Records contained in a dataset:
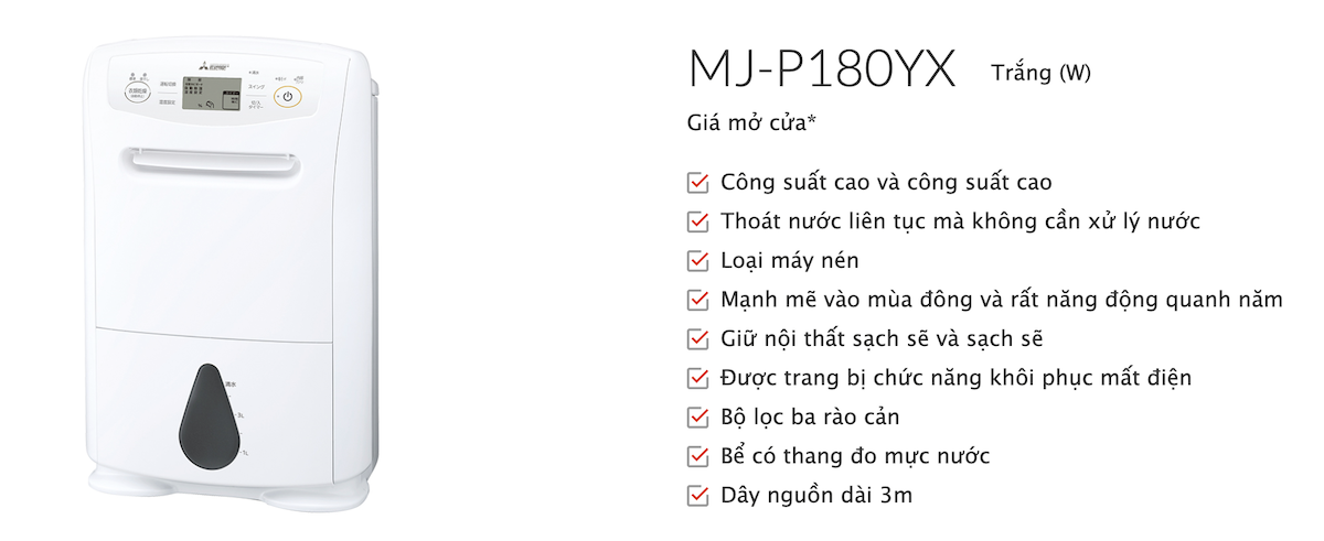 Thông số kỹ thuật của MÁY HÚT ẨM NHẬT NỘI ĐỊA MITSUBISHI MJ-P180YX-W (2025-2026) - MADE IN JAPAN
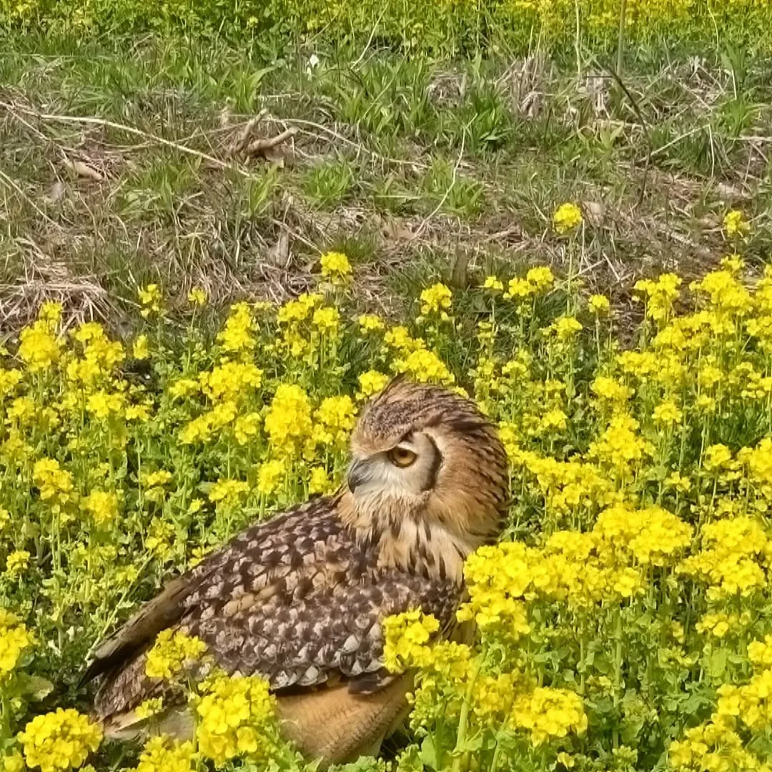 菜の花畑ではカメラを構えた人が集まっていて、何かと思ったら、そこにフクロウがいるではありませんか。私も犬を抱っこしながら、フクロウに近づいてスマホでパチリ。良い写真が撮れました。
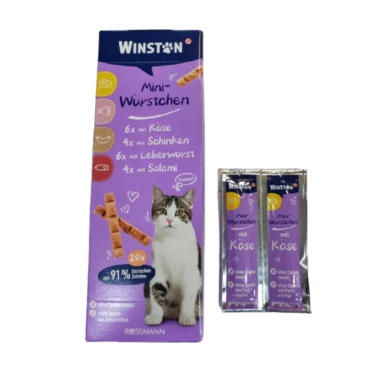 تشویقی مینی سوسیس مدادی وینستون یک میان وعده خوشمزه و مقوی برای گربه هاست که با بافت نرم و طعم های متنوع، تجربه ای لذت بخش برای حیوان خانگی شما ایجاد می کند. این محصول حاوی ۹۱٪ مواد اولیه گوشتی بوده و فاقد شکر و طعم دهنده های مصنوعی است؛ بنابراین گزینه ای سالم و باکیفیت برای استفاده روزانه به عنوان پاداش یا میان وعده به حساب می آید.
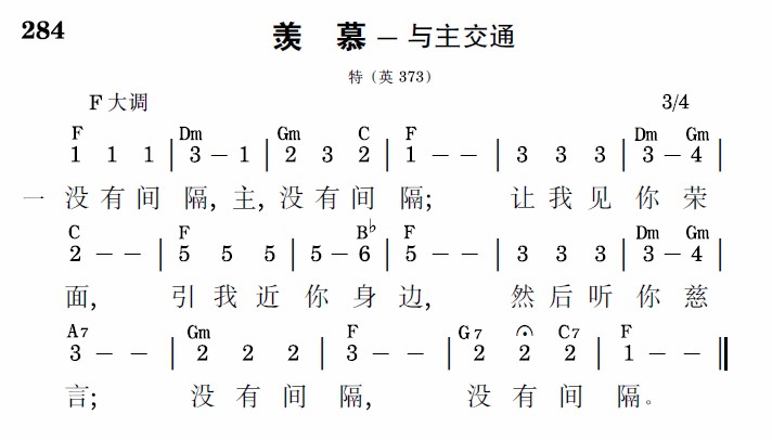 沒有間隔,主,沒有間隔;讓我見你榮面,引我近你身邊,然後聽你慈言;沒有間隔,沒有間隔。
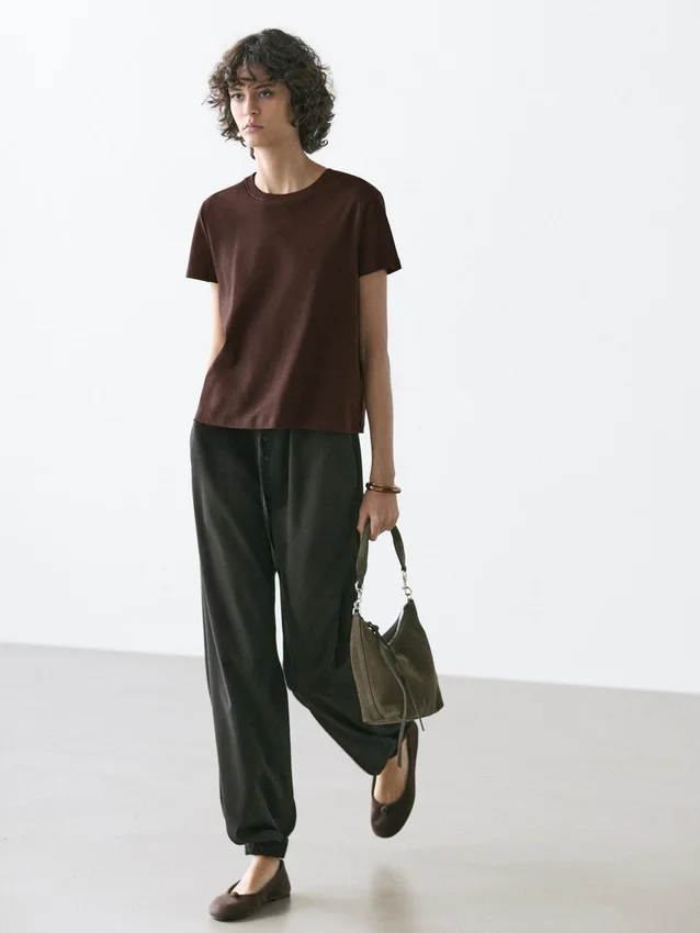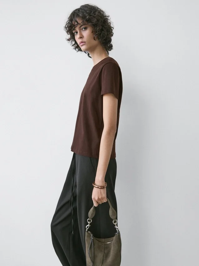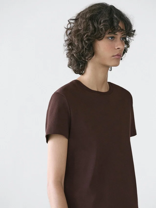 T-Shirt Made from 100% Cotton Fabric with a Compact and Flexible Weave. Slightly Fitted Silhouette, Providing a More Defined and Slim Appearance. Crew Neck. Short Sleeves. Central Seam Detail at the Back. This Garment is Shorter than Usual..
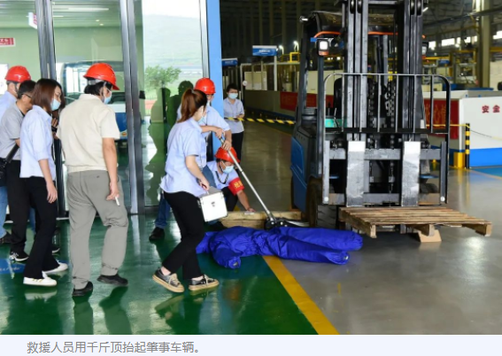 應急救援人員**時間疏通道路并拉好警戒線保護“事故”現場,防止救援過程中發生意外對人員造成二次傷害。在調動另一臺叉車轉移肇事叉車上的物料后,救援人員用千斤頂在兩旁支起肇事叉車,小心、快速地將受傷人員移出危險區域。
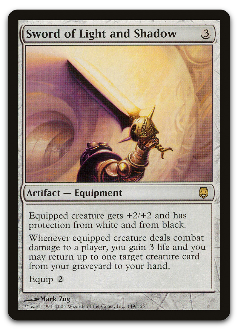 | Card Text | Equipped creature gets +2/+2 and has protection from white and from black. Whenever equipped creature deals combat damage to a player, you gain 3 life and you may return up to one target creature card from your graveyard to your hand. Equip {2} |
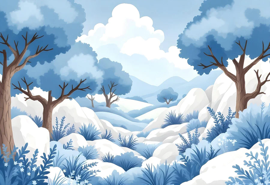 Фотошпалери Засніжений пейзаж з деревами та кущами
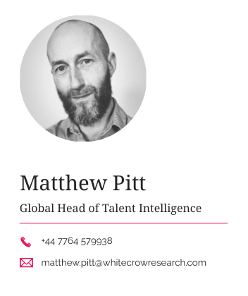 To discuss any of the issues covered in this document, or to obtain additional information on Whitecrow Research’s Talent Intelligence capabilities, please contact:
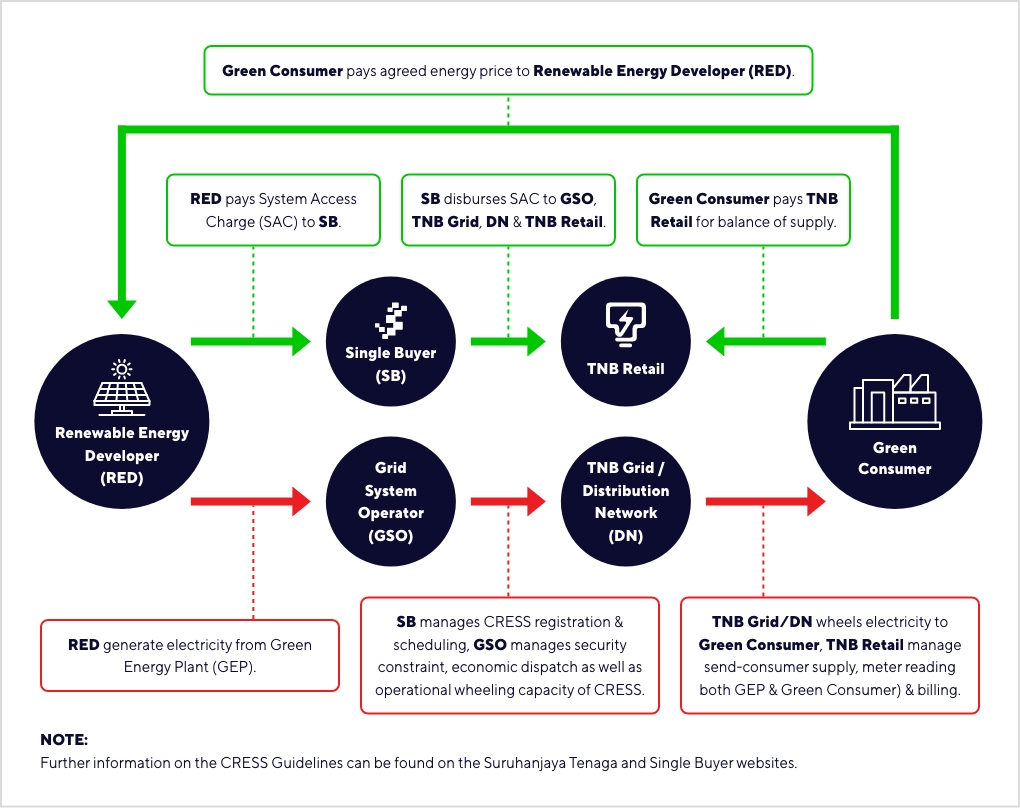 Under the Corporate Renewable Energy Supply Scheme (CRESS), renewable energy is physically delivered from a Renewable Energy Developer (RED) to the corporate consumer through TNB’s grid under the Third-Party Access (TPA) framework. The corporate buyer pays the RED for the renewable electricity at an agreed rate, while also paying TNB a System Access Charge (SAC) for using the grid to transmit and distribute the energy — similar to a “toll fee.” This structure allows businesses to directly consume green energy while leveraging TNB’s grid reliability, making CRESS a practical path for large and listed companies to achieve their sustainability and decarbonisation goals.

■ **Task objective**
What are the lines in the records above, word for word, from the one containing "沒有間隔,主,沒有間隔;讓我" through the one containing "Фотошпалери Засніжений пейзаж", both ends included and pictures left out?

■ **Completed task**
 沒有間隔,主,沒有間隔;讓我見你榮面,引我近你身邊,然後聽你慈言;沒有間隔,沒有間隔。
 T-Shirt Made from 100% Cotton Fabric with a Compact and Flexible Weave. Slightly Fitted Silhouette, Providing a More Defined and Slim Appearance. Crew Neck. Short Sleeves. Central Seam Detail at the Back. This Garment is Shorter than Usual..
 應急救援人員**時間疏通道路并拉好警戒線保護“事故”現場,防止救援過程中發生意外對人員造成二次傷害。在調動另一臺叉車轉移肇事叉車上的物料后,救援人員用千斤頂在兩旁支起肇事叉車,小心、快速地將受傷人員移出危險區域。
 | Card Text | Equipped creature gets +2/+2 and has protection from white and from black. Whenever equipped creature deals combat damage to a player, you gain 3 life and you may return up to one target creature card from your graveyard to your hand. Equip {2} |
 Фотошпалери Засніжений пейзаж з деревами та кущами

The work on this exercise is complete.